The immediate, obvious benefit of LVDC networks is energy efficiency. If all power was distributed in DC there would be no need for conversion from AC to DC for appliances, saving a huge amount of overall energy. With latest technical and digital advancements, voltages can now be stepped up and down for transmission, which results in a much more efficient process. In many modern office buildings DC networks are being employed instead of AC. This offers greater efficiency and lower costs as appliances can be plugged directly into the mains without conversion, but it also allows for greater control over LED lighting and the building’s climate.
The benefits of increased efficiency can also be felt on a larger scale. As we move from centralised AC fossil fuel power generation to decentralized DC alternative energy generation, DC networks will again allow for power to be loaded on and off the grid without the need to convert power. LVDC microgrids can be established at green energy sources and batteries can be seamlessly built into the networks for energy storage to provide uninterrupted power supply to recipients.
Another benefit of LVDC networks, tied with the transition towards decentralized green energy sources, is the potential to bring energy to communities who do not have access to the traditional, centralized grid. Isolated populations in developing countries would be able to build their own DC microgrids using renewable energy sources like solar, wind or tide to generate energy for their communities. These possibilities are already being explored in large developing countries like India where large portions of the country have no access to the main grid.
Source: www.inkmedia.eu
As well as efficiency and the transition to decentralised power generation, LVDC networks are being enabled by two other key factors: electrification and digitalization. In this case we have three trends that generate a feedback loop, which will enable in the near future a new paradigm of how the power infrastructure is deployed. Renewable energy will mean a new era of independence and accessibility via the generation of local sources of power, which comprises the efforts of the United nations to provide universal access to energy by 2030.

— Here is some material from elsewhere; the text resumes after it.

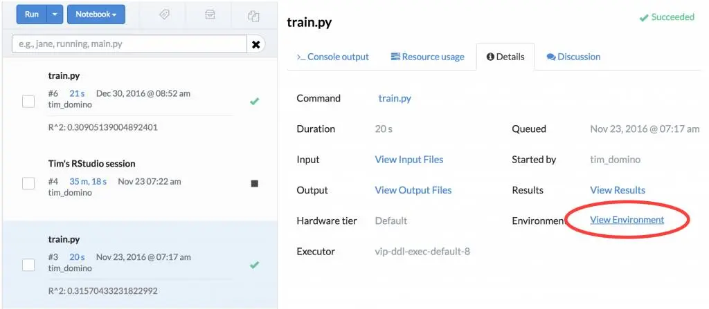 更进一步的,除了在更改环境后比较实验结果之外,Domino还可以配置为在代码运行时保留环境状态的文本快照,这样可以允许我们通过差异比较来快速找出哪些包或软件可能在同一实验的两次不同运行之间更改。

In the years to come within the urban landscape, smart cities will play a crucial role for an effective balance on the decentralized grid. On the one hand electric cars will also gain an important role, because by 2040, half of the cars sold are estimated to be electric. These electric vehicles will indeed be mobile energy storage units which could be actually used to benefit the grid by supplying energy when the peak demand of electricity is at its highest. On the other hand, the role of houses and buildings regarding power consumption will be redefined. At the moment, these structures act as power loads but in the future they will also become power generators. They will generate, store and consume DC power, which will be traded in and out, depending on the grid’s needs and capacity. This kind of trade will be done in scalable areas: from neighborhoods to towns or even larger perspectives. In other words, the future of power distribution will transition from a centralized top-down approach to a decentralized large number of power sources and loads that trade power with each other. This micro-trade of energy will tackle the problem of under or over-capacity of the network and could also result in something like the “internet of energy”.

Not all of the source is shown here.